* SOURCE DATA

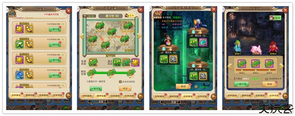 副本类型材料、经验、宝藏、试炼四类副本依等级开放,可获取进阶丹、银两、伙伴碎片等关键资源。
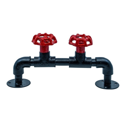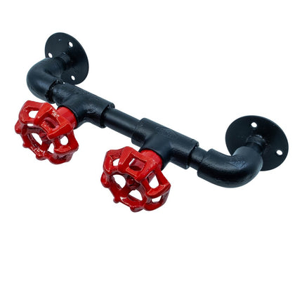 Tuff väggkrok i industriell stil med två röda vred att hänga saker på.
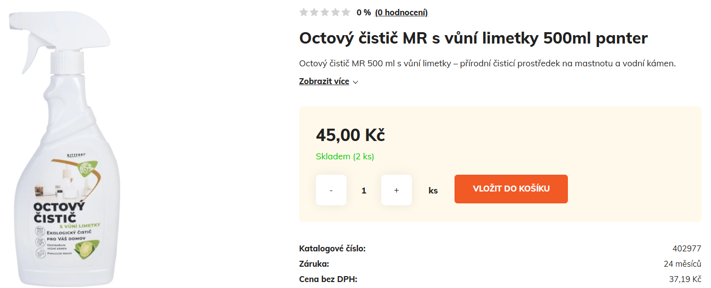 Pokud dáváte přednost šetrnějším prostředkům, octový čistič je univerzální volba. Skvěle si poradí s vodním kamenem, mastnotou i okny, a navíc nezatěžuje životní prostředí.

* TO DO
Everything above should be given again exactly, apart from the pictures.

* OUTPUT
 副本类型材料、经验、宝藏、试炼四类副本依等级开放,可获取进阶丹、银两、伙伴碎片等关键资源。
 Tuff väggkrok i industriell stil med två röda vred att hänga saker på.
 Pokud dáváte přednost šetrnějším prostředkům, octový čistič je univerzální volba. Skvěle si poradí s vodním kamenem, mastnotou i okny, a navíc nezatěžuje životní prostředí.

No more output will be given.